Additionally, the Scotts also claim that unsuspecting victims were tested by both the military and CIA and monitored by the National Institutes of Health and the Centers for Disease Control. Encouraged by what they thought was a successful test, military leaders reportedly passed the brucellosis bioagent to Saddam Hussein, who in the mid-1980s was fighting a protracted war against Iran with the aid of the CIA. With the approval of Vice President George H. W. Bush in 1985, Saddam received “a startling array of biological pathogens…the essential raw material for a disabling weapon.” This included shipments of both Brucella abortus, biotypes 3 and 9, and Brucella melitensis, biotypes 1 and 3. These toxins continued to be sold to Saddam through May 2, 1986, as “shipments number 21 and 22 from [the American Type Culture Collection] ATCC in Rockville, Maryland.”
In a 2005 article entitled “Molecular Terrorism,” Gary Tunsky credited both the Scotts and the Nicolsons with creating a growing public awareness of the mysterious and debilitating effects of mycoplasma infection.
“Chances are if you feel sick and tired and your doctor is unable to make a definite diagnosis because lab tests, blood chemistry profiles and tissue cultures fail to reveal any disease pathogen, you might very well be infected with Mycoplasma,” suggested Tunsky.
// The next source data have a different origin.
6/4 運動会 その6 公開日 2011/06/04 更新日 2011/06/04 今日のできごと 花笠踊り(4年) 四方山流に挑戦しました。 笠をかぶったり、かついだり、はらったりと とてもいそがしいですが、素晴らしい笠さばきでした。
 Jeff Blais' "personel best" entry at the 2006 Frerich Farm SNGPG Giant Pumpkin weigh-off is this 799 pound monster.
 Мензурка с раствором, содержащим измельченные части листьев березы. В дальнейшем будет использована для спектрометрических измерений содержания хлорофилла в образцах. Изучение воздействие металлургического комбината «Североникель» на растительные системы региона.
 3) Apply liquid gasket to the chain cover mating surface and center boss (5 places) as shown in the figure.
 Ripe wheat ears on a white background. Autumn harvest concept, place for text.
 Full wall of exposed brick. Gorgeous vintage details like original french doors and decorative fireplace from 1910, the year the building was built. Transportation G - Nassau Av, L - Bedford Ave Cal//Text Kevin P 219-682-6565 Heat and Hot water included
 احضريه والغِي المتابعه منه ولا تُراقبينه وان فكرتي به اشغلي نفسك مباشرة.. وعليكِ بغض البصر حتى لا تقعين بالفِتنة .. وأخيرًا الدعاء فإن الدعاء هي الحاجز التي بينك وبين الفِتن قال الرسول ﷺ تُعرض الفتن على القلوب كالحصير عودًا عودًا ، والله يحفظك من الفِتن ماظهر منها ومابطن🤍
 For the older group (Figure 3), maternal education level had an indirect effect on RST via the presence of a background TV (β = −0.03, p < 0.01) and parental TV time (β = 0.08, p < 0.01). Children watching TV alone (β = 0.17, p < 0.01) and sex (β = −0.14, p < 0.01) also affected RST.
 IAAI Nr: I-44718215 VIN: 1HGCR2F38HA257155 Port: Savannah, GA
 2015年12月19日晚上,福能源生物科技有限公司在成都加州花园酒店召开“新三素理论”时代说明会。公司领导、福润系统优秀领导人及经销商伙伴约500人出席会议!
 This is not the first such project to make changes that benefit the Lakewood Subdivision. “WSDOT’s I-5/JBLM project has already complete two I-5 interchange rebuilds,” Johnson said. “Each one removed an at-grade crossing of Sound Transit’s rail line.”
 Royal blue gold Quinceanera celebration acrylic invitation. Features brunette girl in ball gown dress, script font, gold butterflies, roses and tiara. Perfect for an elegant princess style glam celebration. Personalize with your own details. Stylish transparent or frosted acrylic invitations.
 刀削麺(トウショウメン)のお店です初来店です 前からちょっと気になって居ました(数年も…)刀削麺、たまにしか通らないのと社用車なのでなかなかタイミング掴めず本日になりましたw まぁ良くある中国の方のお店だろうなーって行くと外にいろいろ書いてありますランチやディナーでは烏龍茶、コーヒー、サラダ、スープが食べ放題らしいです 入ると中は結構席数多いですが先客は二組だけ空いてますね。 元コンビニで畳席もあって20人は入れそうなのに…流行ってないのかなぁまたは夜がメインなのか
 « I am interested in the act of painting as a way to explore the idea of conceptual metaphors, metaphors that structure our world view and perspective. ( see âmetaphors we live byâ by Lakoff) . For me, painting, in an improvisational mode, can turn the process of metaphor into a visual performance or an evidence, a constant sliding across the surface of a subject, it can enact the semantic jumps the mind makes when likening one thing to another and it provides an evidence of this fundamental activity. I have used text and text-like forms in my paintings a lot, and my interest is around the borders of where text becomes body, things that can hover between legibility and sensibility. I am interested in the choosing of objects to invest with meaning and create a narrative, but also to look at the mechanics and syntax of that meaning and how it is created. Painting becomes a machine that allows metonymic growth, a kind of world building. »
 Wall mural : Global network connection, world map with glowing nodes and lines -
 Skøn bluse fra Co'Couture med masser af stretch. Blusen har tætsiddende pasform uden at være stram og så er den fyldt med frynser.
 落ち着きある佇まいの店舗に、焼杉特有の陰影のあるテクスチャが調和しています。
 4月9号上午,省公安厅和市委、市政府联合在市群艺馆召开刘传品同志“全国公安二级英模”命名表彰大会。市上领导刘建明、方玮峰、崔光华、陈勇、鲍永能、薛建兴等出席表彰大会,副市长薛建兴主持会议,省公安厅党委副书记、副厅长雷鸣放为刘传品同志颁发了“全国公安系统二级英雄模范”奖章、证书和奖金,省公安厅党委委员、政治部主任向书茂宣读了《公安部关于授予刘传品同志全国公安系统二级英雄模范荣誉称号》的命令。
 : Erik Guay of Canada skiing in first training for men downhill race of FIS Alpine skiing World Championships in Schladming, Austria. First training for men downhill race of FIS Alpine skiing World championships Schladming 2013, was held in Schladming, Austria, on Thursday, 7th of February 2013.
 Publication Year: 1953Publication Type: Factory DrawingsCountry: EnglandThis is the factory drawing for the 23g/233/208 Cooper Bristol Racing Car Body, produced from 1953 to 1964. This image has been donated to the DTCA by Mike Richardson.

“Since Mycoplasma cannot be successfully treated with the usual short course duration of antibiotics due to their intracellular location, slow proliferation rate and inherent resistance to
most antibiotics, the few Mycoplasma experts that specialize in this field are recommending six-months to one year of non-stop treatments using strong antibiotics such as Cipro and Doxycycline,” he added. “However, if a patient does not want to destroy their body and immune system with Cipro and Doxycycline, a total overhaul of every cell from head to toe using a multi-faceted, non-toxic, holistic treatment approach is absolutely necessary to overcome Mycoplasma infections naturally. This is why vitamins and nutritional supplementation are so important in the therapy.”
Tunsky said the reason so many Americans are caught up in a medical merry-go-round of being bounced from one doctor to the next without ever receiving a proper diagnosis is that mainstream medical doctors are not trained to find hard-to-detect pathogens. “Since mycoplasma hides intra-cellularly and invades multiple organs and systems, it manifests a vast array of symptoms throughout the whole body, making a correct diagnosis virtually impossible for a mainstream doctor’s linear, magic bullet mentality,” he explained. Such inability to make a quick and simple diagnosis lies behind the mysterious malady that struck members of the U.S. military in the Persian Gulf War of 1990–91.
GULF WAR SYNDROME
AFTER SADDAM OBTAINED a stockpile of the brucellosis, it was discovered that this contagious designer bacteria had mutated and become airborne. And it was too late. According to the Scotts, Saddam used his toxins on American troops during the Persian Gulf War. This attack by mycoplasma, exacerbated by the impaired immunization systems caused by untested vaccines, the depleted uranium used in antitank shells, and oil well fires, combined in a toxic mixture resulting in the illness known as Gulf War syndrome. “Researchers could only look dumbly on when 100,000 veterans returned from the Gulf War presenting all of the brucellosis symptoms…. And the Pentagon could only take up the tried and tested myth that the veterans were not really sick at all. They only imagined they were,” the Scotts explained.